* [Provided data]
□ □ □ □
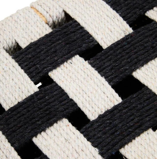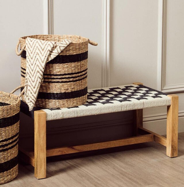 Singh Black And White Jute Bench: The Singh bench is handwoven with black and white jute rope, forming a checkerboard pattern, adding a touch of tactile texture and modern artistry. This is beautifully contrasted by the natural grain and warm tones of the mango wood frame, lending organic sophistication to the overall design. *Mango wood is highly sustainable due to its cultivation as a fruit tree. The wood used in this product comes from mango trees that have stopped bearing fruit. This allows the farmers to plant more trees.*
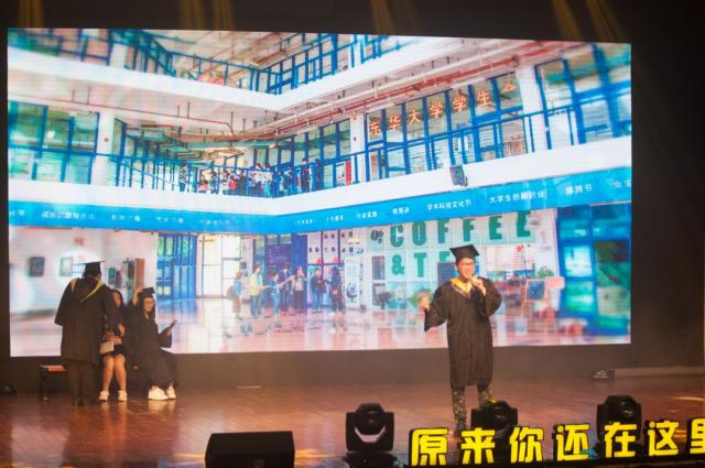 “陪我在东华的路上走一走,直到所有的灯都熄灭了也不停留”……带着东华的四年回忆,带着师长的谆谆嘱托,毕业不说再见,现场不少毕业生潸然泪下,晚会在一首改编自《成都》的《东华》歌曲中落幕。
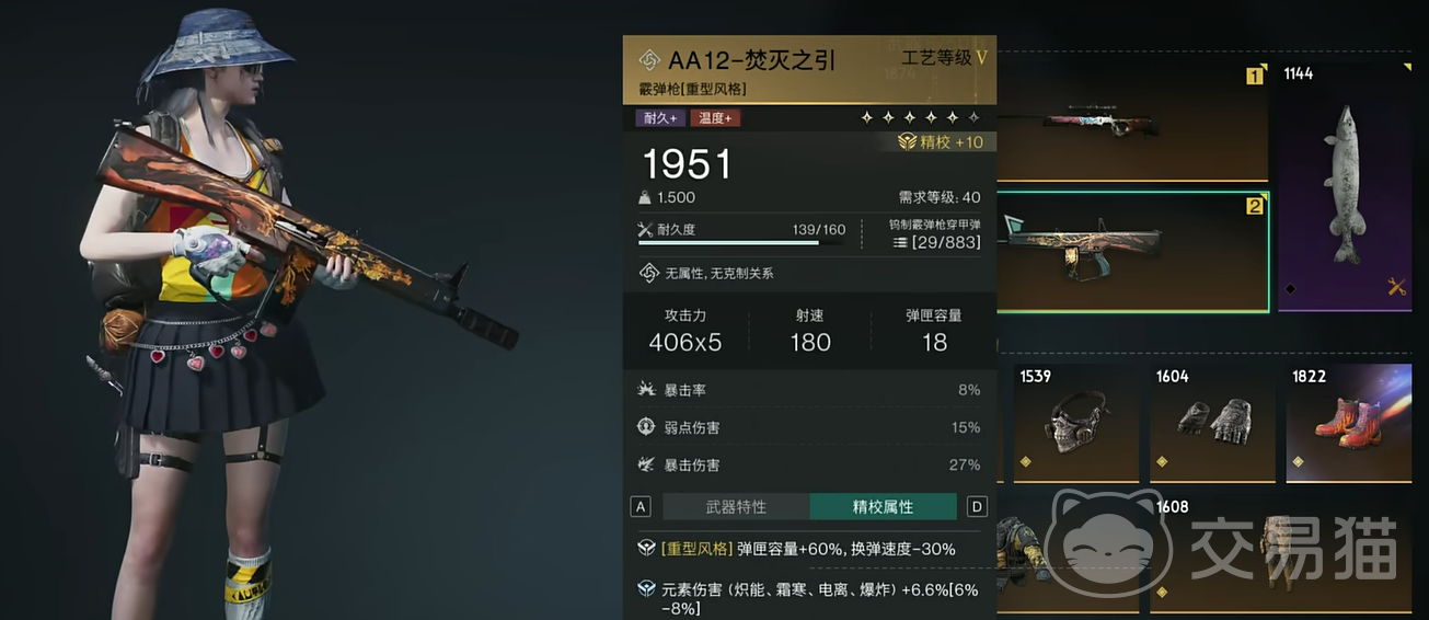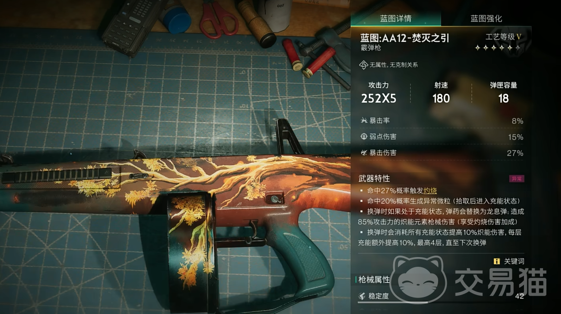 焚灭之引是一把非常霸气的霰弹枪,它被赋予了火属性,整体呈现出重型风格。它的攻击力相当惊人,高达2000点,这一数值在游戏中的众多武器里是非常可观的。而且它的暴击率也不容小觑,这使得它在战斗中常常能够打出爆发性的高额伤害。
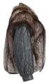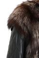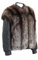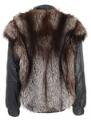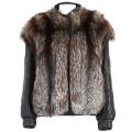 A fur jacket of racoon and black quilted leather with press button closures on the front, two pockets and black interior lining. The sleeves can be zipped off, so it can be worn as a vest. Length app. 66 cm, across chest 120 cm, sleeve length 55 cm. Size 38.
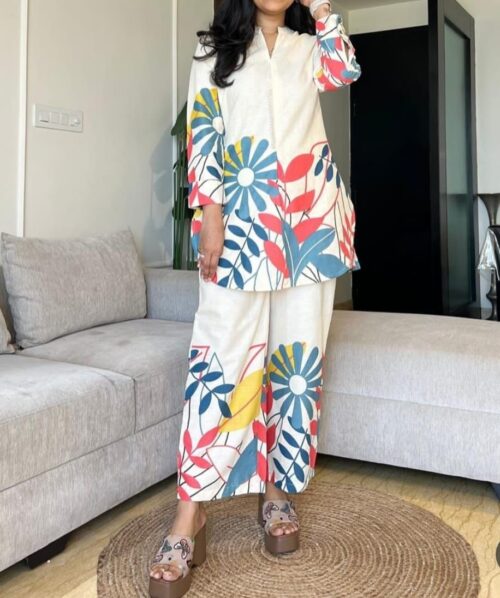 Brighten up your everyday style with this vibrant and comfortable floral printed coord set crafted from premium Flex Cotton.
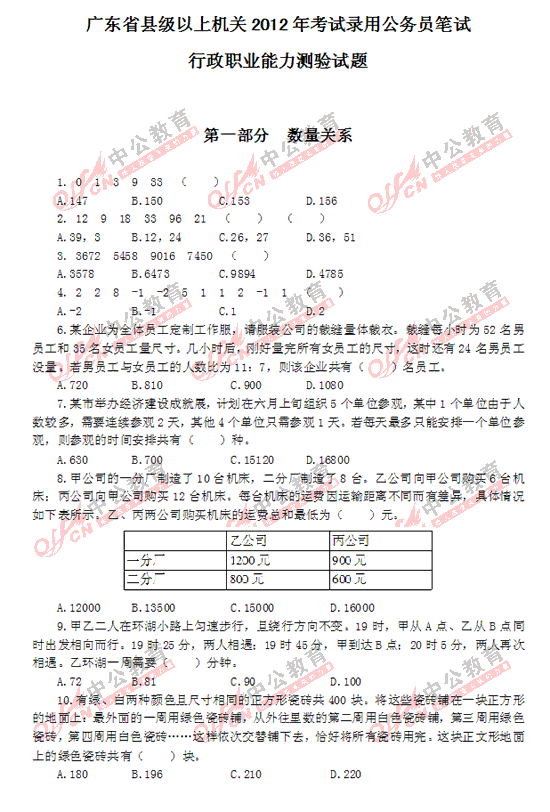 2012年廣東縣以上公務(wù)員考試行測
□ □ □ □
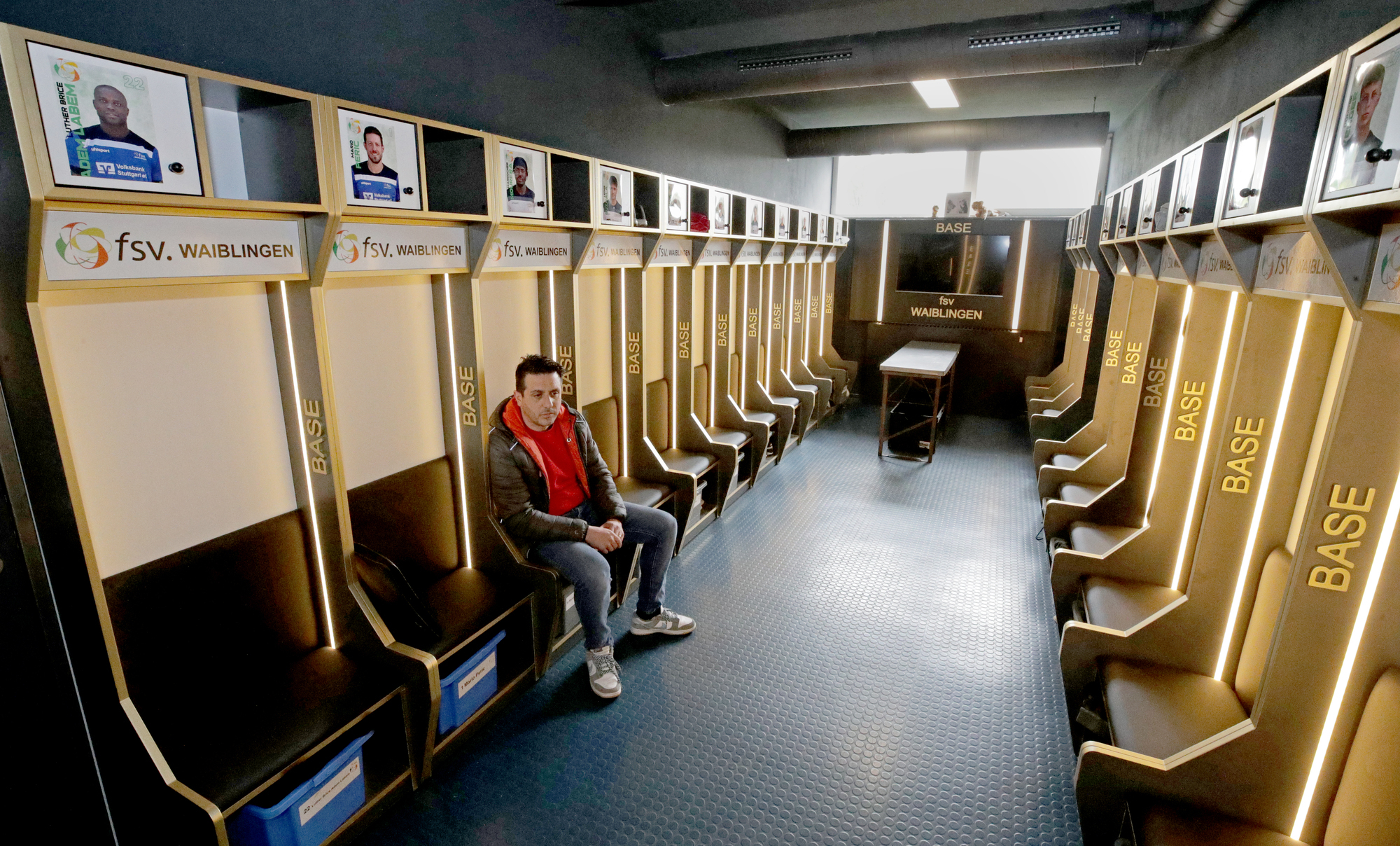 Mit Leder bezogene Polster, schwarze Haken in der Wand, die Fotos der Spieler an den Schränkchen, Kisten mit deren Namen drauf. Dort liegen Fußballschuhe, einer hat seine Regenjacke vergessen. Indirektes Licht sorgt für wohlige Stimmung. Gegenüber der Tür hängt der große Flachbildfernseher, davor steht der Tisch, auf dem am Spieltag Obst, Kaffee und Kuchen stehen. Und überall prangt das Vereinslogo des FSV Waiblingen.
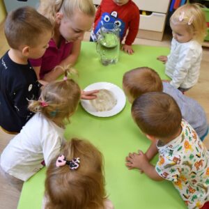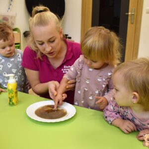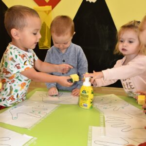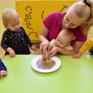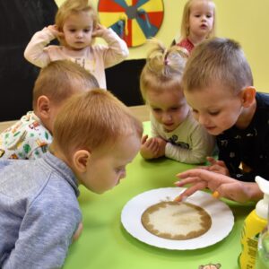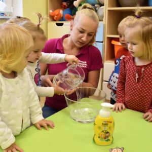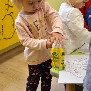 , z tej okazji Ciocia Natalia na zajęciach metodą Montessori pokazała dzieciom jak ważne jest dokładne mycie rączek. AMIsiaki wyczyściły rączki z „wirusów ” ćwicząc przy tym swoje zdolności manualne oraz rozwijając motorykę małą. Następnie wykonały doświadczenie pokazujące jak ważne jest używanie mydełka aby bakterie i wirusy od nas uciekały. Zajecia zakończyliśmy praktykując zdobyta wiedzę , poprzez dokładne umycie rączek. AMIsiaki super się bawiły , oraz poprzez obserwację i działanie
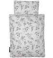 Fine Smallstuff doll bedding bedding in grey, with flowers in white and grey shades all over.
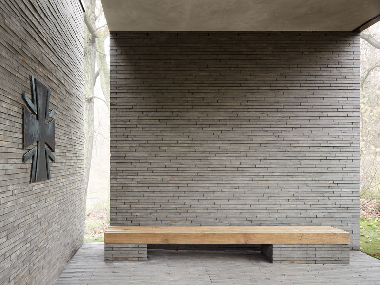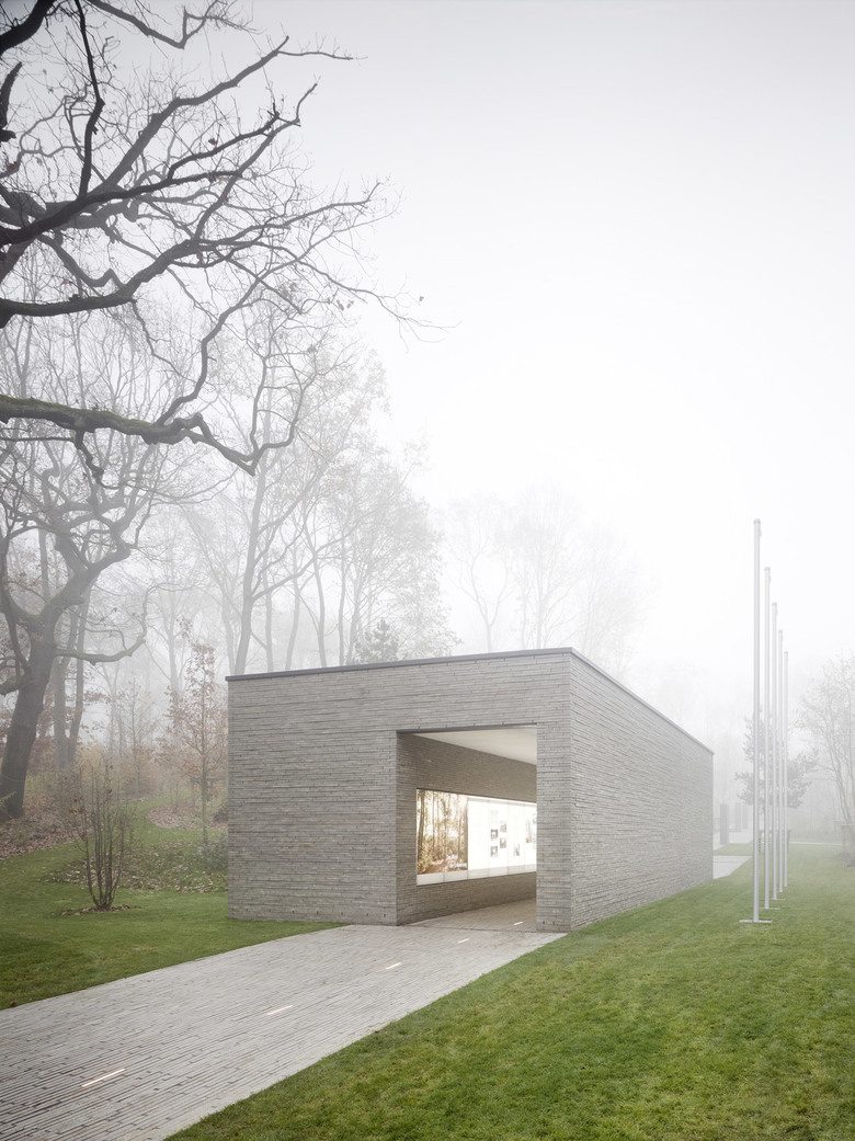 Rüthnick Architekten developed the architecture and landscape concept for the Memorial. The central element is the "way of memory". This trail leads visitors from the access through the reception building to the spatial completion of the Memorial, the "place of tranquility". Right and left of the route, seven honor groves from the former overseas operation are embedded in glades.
□ □ □ □
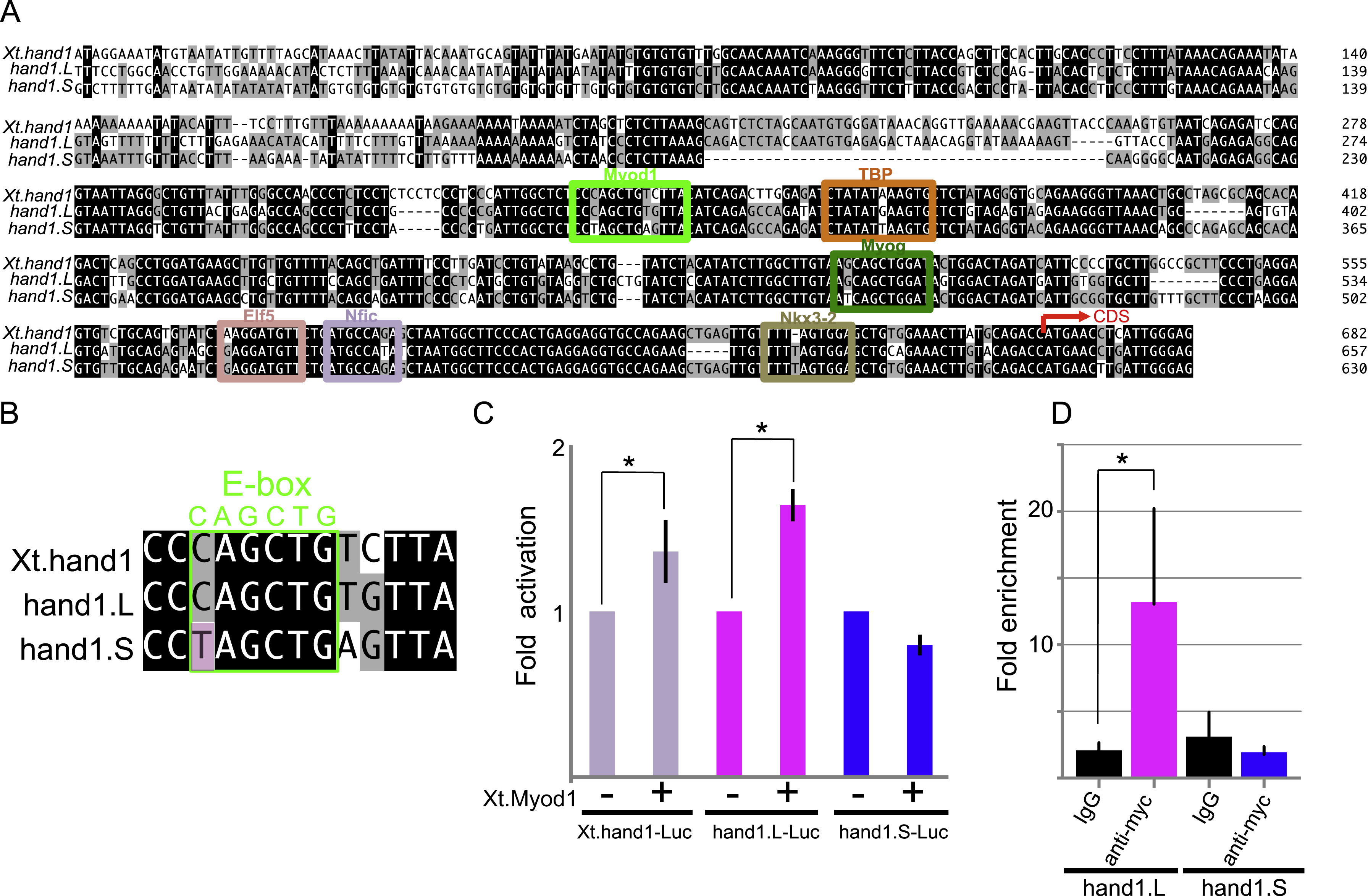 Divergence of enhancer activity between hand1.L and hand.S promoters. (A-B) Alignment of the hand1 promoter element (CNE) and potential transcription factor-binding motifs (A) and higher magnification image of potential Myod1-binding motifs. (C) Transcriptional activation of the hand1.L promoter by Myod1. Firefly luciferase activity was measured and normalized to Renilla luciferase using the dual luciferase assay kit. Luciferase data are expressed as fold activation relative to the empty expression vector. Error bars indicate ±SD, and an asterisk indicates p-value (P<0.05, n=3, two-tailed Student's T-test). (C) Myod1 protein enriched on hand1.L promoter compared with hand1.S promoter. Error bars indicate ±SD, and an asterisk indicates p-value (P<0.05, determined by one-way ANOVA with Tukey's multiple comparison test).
□ □ □ □
* [Your task] Give back exactly the lines of the listing above from the one that contains "Singh Black And" up to and including the one that contains "2012年廣東縣以上公務(wù)員考試行測", but not the pictures, and no other lines.

* [Output]
 Singh Black And White Jute Bench: The Singh bench is handwoven with black and white jute rope, forming a checkerboard pattern, adding a touch of tactile texture and modern artistry. This is beautifully contrasted by the natural grain and warm tones of the mango wood frame, lending organic sophistication to the overall design. *Mango wood is highly sustainable due to its cultivation as a fruit tree. The wood used in this product comes from mango trees that have stopped bearing fruit. This allows the farmers to plant more trees.*
 “陪我在东华的路上走一走,直到所有的灯都熄灭了也不停留”……带着东华的四年回忆,带着师长的谆谆嘱托,毕业不说再见,现场不少毕业生潸然泪下,晚会在一首改编自《成都》的《东华》歌曲中落幕。
 焚灭之引是一把非常霸气的霰弹枪,它被赋予了火属性,整体呈现出重型风格。它的攻击力相当惊人,高达2000点,这一数值在游戏中的众多武器里是非常可观的。而且它的暴击率也不容小觑,这使得它在战斗中常常能够打出爆发性的高额伤害。
 A fur jacket of racoon and black quilted leather with press button closures on the front, two pockets and black interior lining. The sleeves can be zipped off, so it can be worn as a vest. Length app. 66 cm, across chest 120 cm, sleeve length 55 cm. Size 38.
 Brighten up your everyday style with this vibrant and comfortable floral printed coord set crafted from premium Flex Cotton.
 2012年廣東縣以上公務(wù)員考試行測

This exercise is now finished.